Обрывки не то мыслей, не то просто разговоров кружились в голове и путались. Потом вдруг вспомнился Юхневич. «Он же меня стеснялся… Да. И себя тоже… Ну так и что? – вышагивал он дальше. – Ну и что?» Слабая тень досады промелькнула, он отогнал ее – об этом не хотелось думать.

Так он и думал, и не думал, шел себе и шел, и вдруг уперся в свою улицу: здесь было все разрыто. Высились насыпи, а между ними протянулась глубокая канава, белели хрупкие дощатые мостки. Просто не верилось, что за день можно вот так разворотить и вздыбить улицу, даже работая с пожарной быстротой, без передышки, и не ломами кроша асфальт, как черный лед весной, а прошивая его, с грохотом, отбойным молотком, чтобы снимать широкими пластами. И в первую минуту даже было чувство, словно бы он здесь больше не живет, может, и не жил раньше, – такой чужой предстала эта улица, так изменилась, не сопротивляясь, не упорствуя, – наоборот, будто с готовностью открещиваясь от себя, стараясь не напоминать о себе прежней не то чтоб одному ему, но даже этим темным окнам, хотя они уже закрыли на нее глаза, погасли на ночь.

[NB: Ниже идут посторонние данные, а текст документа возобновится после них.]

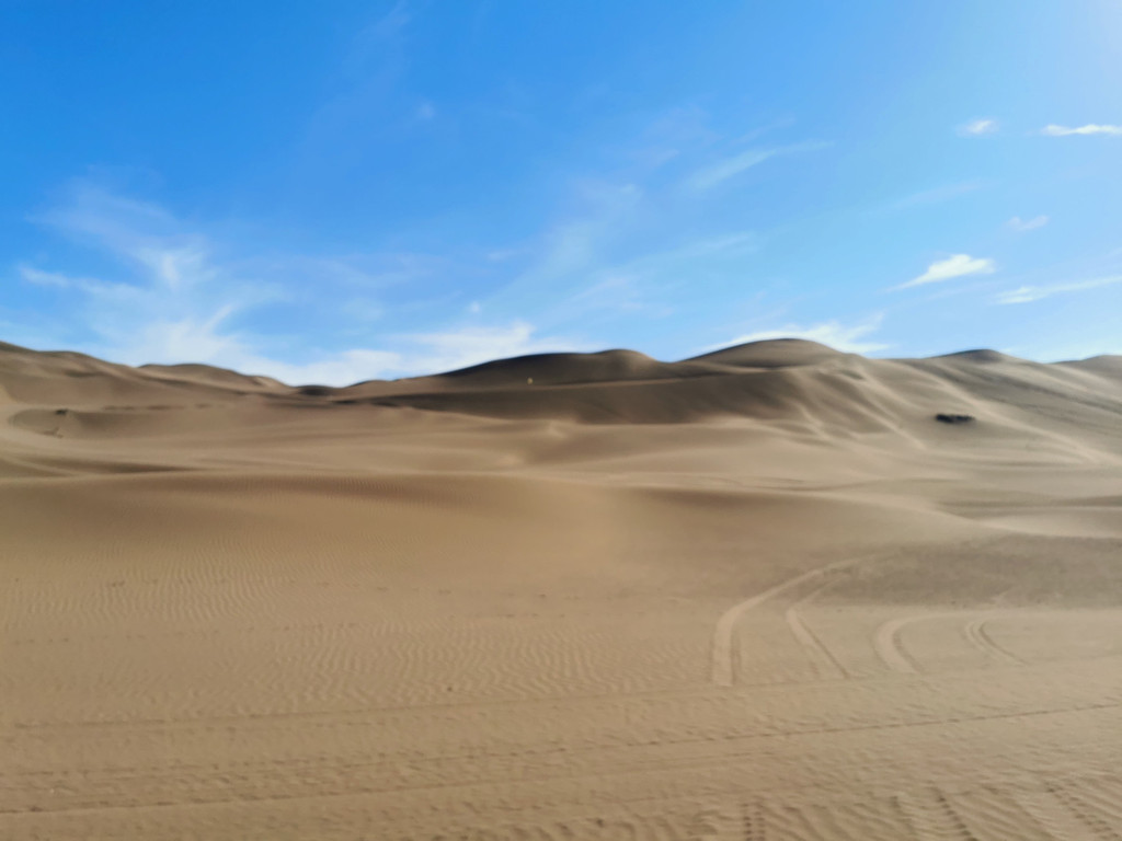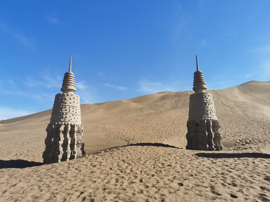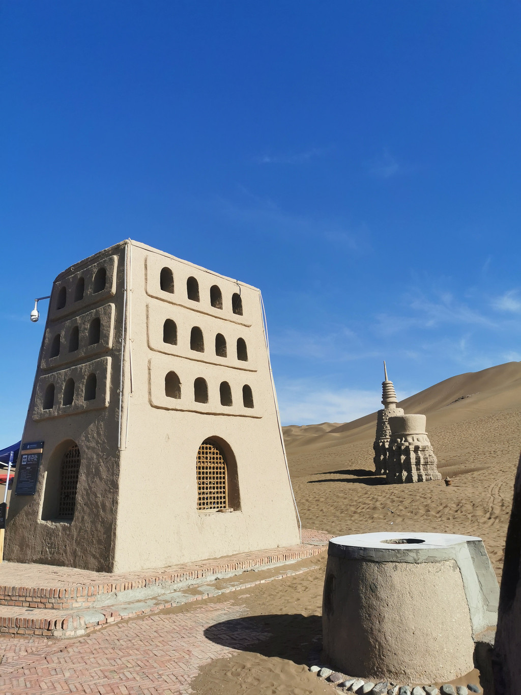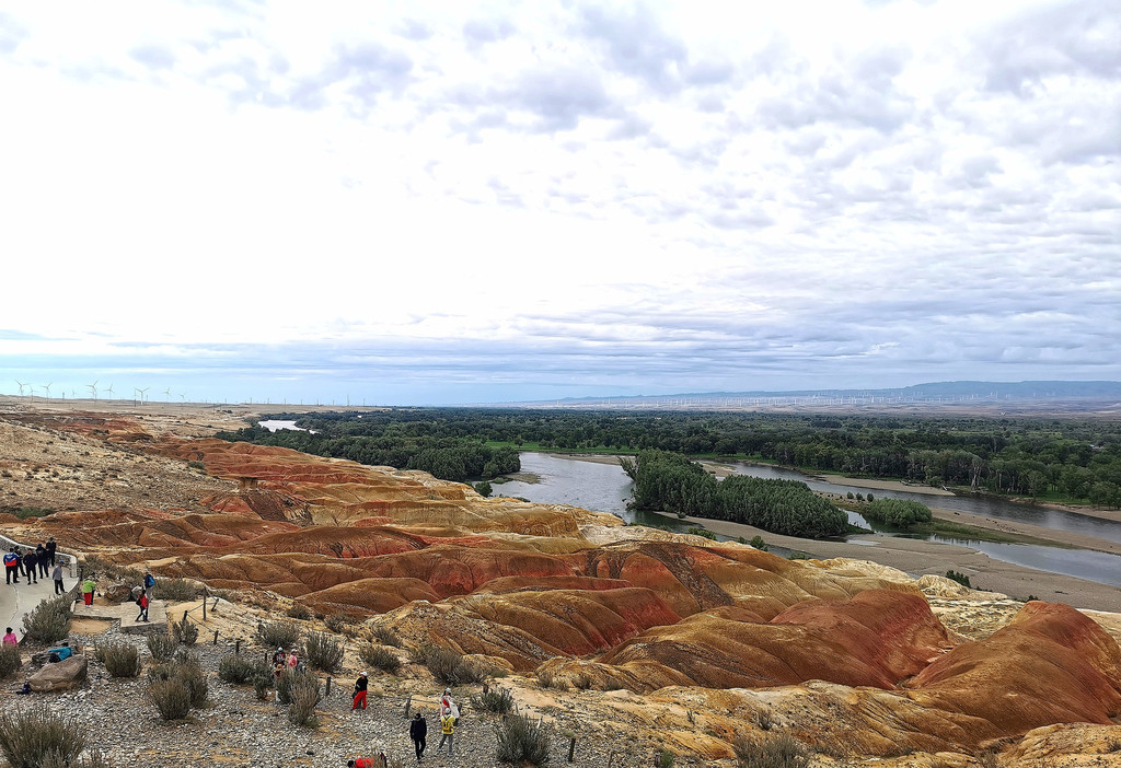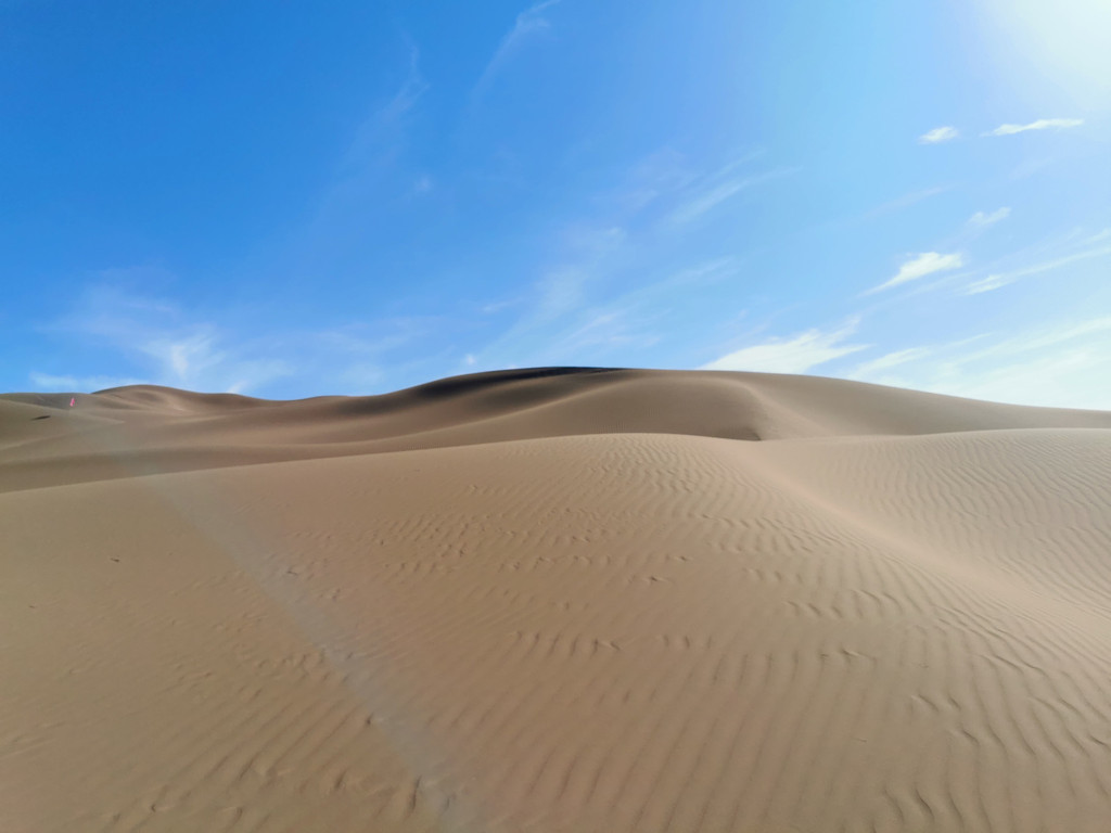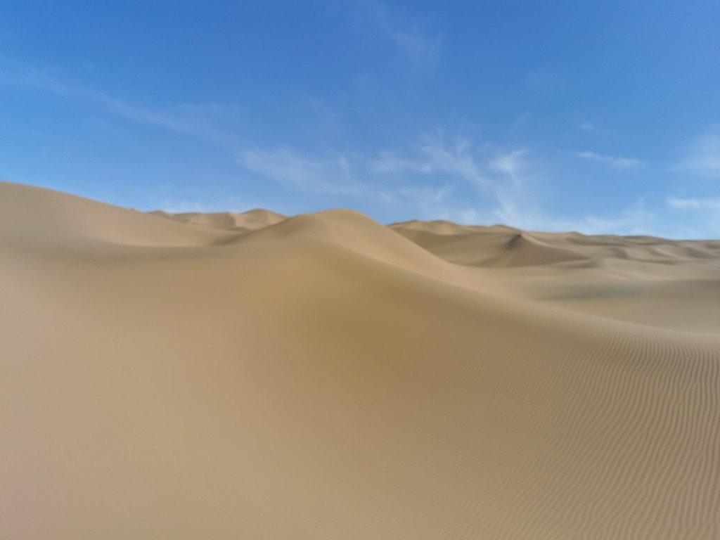 登上金灿灿的沙山极目远望,只见黄沙漫漫,沙岭连绵,与天相连,给人一种辽阔、壮丽、肃穆、深邃的感觉。站在绿洲与大漠的结合处,观赏四方风景,眼前奇异的景致让人惊叹万分:一边是莽莽苍苍、雄浑博大、无边无际的大漠海洋;一边是郁郁葱葱、娟秀妩媚的绿洲碧野。这是大自然杰出的造化,这黄色与绿色之间没有任何过渡,两色却形成鲜明的对比,宛如画家手下的色盘,黄绿分明、对比强烈而又和谐统一,令人叫绝。库木塔格沙漠也是世界上少有的与城市零距离接触的沙漠,是与天池、博斯腾湖并列的新疆3处国家重点风景名胜区之一,以风沙地貌类型齐全、沙丘的轮廓清晰、层次分明为风景特征。

Он пробирался вдоль стен, по узкой полоске сохранившегося тротуара, песок и мелкие камни громко хрустели под ногами, а впереди, слева от фонарного столба, уже виднелись черные пики давно разбитых железных ворот перед их двором. И вот он мог бы даже слово дать, что и ничуть не удивился, когда, едва успев подумать, что просто так сегодня все не кончится на этой улице, – он ухватил вдруг слева, краем глаза, какой-то странный свет в одном окне. Это было окно магазинчика, где скупались от населения «золото, серебро, драгоценные камни и часы» – и куда из всего этого приносили разве что одно ржавое старье с давно остановившимися стрелками. И свет в окне, мелькнув только в пределах шага, тут же задернулся, как шторой, теменью соседней низкой арки.

Он нерешительно остановился, потом шагнул назад и стал напротив двери. Она была открыта. Узкий коридор угадывался в слабом свете, шедшем из-за перегородки, и там, за ней, слышались женские голоса.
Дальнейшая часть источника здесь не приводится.